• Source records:
- Opening Delimiter -

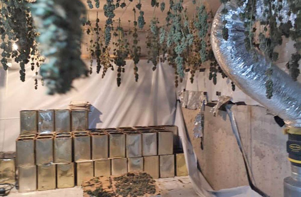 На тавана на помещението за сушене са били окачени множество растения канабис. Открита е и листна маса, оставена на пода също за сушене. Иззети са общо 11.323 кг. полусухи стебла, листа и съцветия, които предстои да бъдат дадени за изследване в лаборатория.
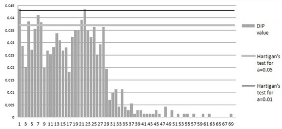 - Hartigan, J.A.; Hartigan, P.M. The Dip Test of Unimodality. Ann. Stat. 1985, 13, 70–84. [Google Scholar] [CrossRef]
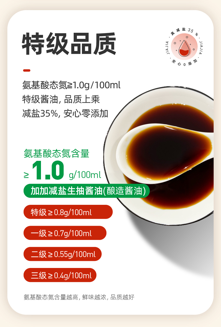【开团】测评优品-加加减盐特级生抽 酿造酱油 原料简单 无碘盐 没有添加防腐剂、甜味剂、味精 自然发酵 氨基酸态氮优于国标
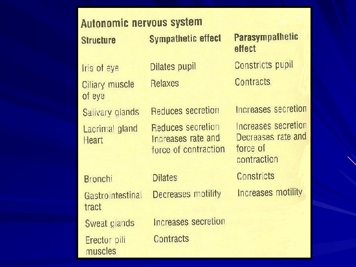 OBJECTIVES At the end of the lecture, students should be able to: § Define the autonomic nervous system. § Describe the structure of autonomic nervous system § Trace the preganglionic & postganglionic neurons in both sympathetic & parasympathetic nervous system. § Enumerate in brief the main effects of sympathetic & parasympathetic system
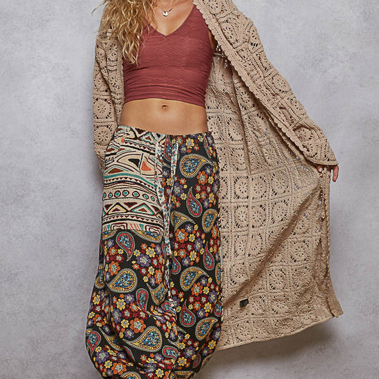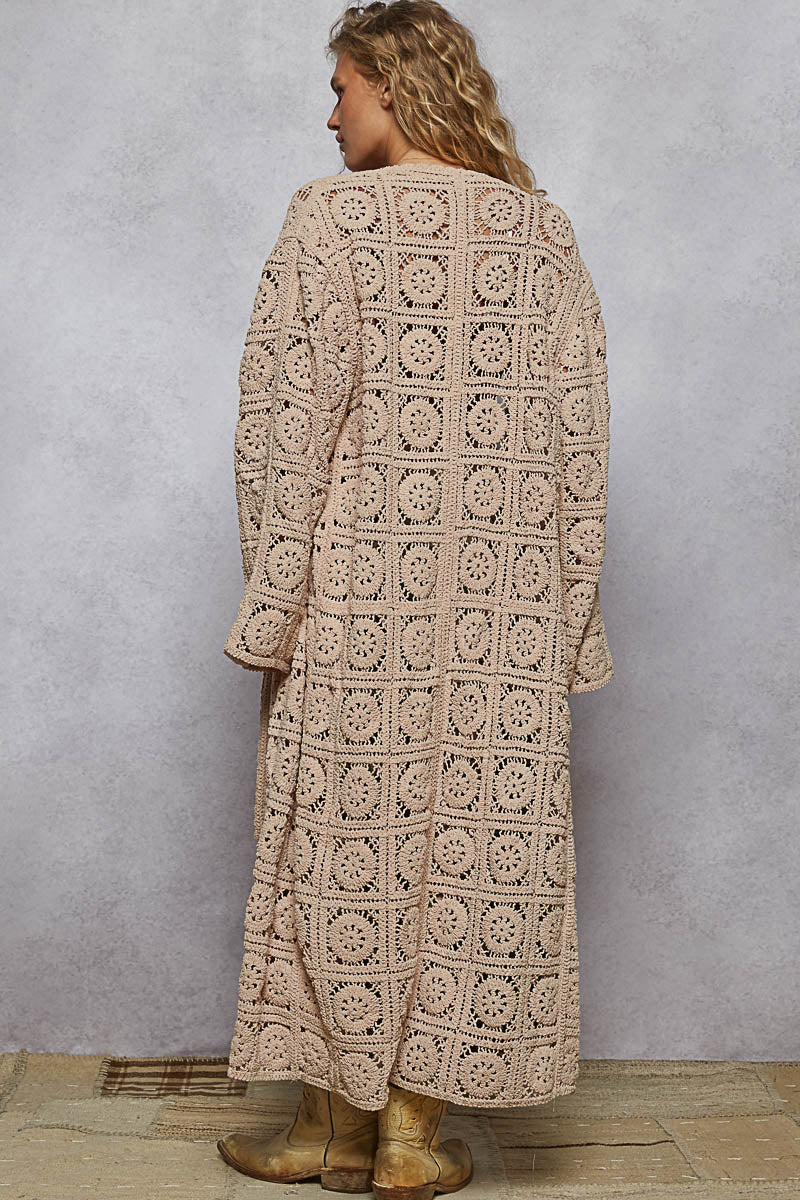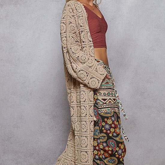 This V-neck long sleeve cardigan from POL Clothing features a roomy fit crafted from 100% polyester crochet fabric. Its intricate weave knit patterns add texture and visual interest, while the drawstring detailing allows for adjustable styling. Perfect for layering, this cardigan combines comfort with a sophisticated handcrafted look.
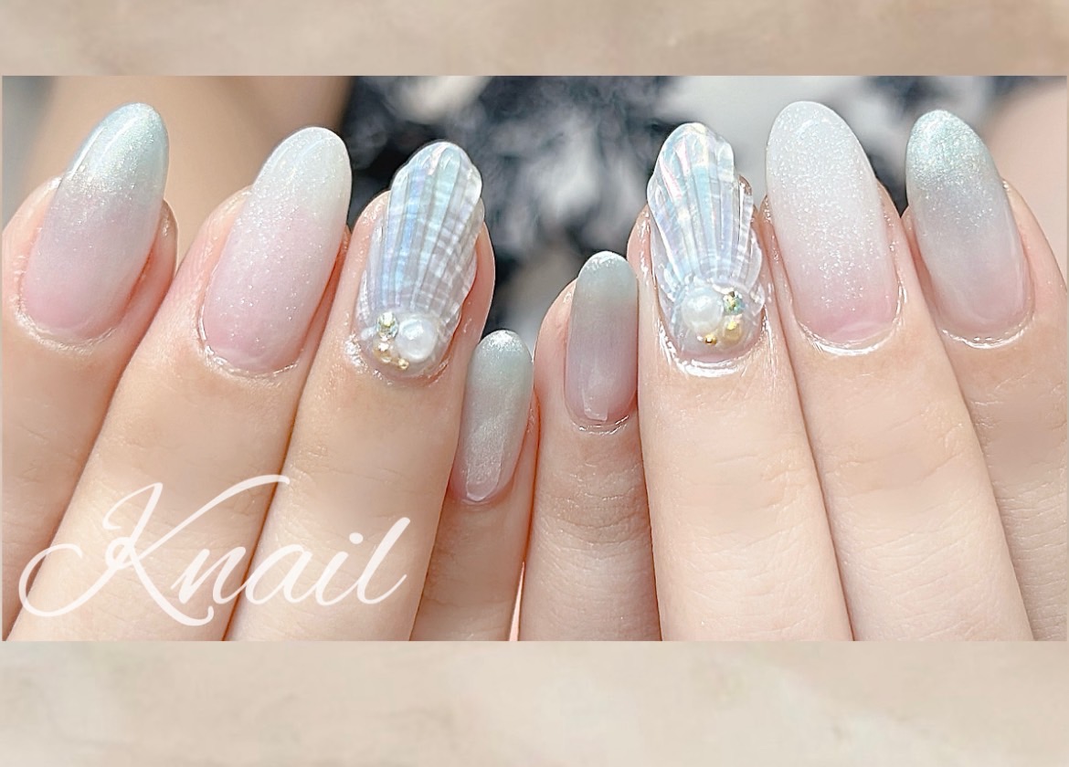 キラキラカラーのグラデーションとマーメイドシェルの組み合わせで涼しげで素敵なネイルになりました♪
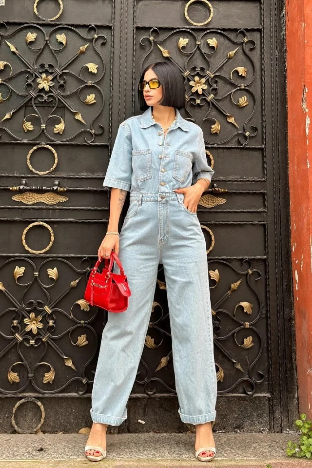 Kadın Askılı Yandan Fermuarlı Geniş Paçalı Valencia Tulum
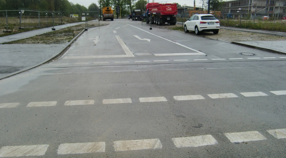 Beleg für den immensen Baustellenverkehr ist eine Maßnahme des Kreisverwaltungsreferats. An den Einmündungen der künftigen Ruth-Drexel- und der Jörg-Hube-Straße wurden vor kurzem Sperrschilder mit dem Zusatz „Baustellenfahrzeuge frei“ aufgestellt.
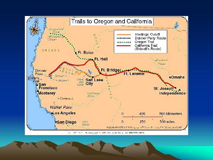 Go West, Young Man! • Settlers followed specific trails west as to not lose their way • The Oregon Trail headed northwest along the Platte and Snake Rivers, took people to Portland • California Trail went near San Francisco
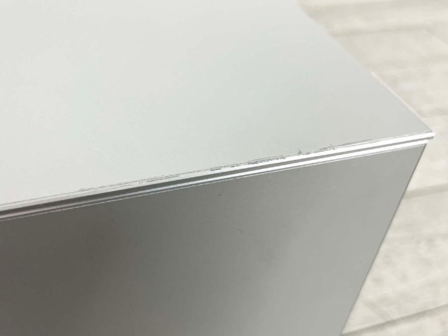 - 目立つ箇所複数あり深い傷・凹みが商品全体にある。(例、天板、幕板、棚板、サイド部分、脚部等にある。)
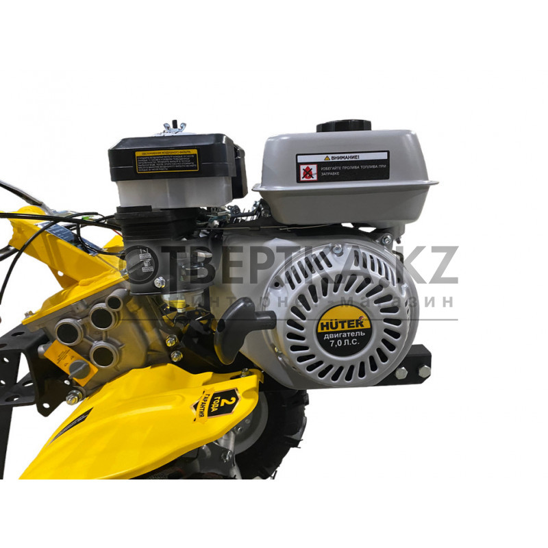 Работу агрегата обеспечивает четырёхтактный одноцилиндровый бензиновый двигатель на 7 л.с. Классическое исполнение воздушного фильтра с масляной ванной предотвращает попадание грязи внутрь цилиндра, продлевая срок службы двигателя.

- Closing Delimiter -

• Requirement:
Copy the records above from the first line through the line containing "- Hartigan, J.A.;", both included, and leave out any pictures.

• Worked solution:
 На тавана на помещението за сушене са били окачени множество растения канабис. Открита е и листна маса, оставена на пода също за сушене. Иззети са общо 11.323 кг. полусухи стебла, листа и съцветия, които предстои да бъдат дадени за изследване в лаборатория.
 - Hartigan, J.A.; Hartigan, P.M. The Dip Test of Unimodality. Ann. Stat. 1985, 13, 70–84. [Google Scholar] [CrossRef]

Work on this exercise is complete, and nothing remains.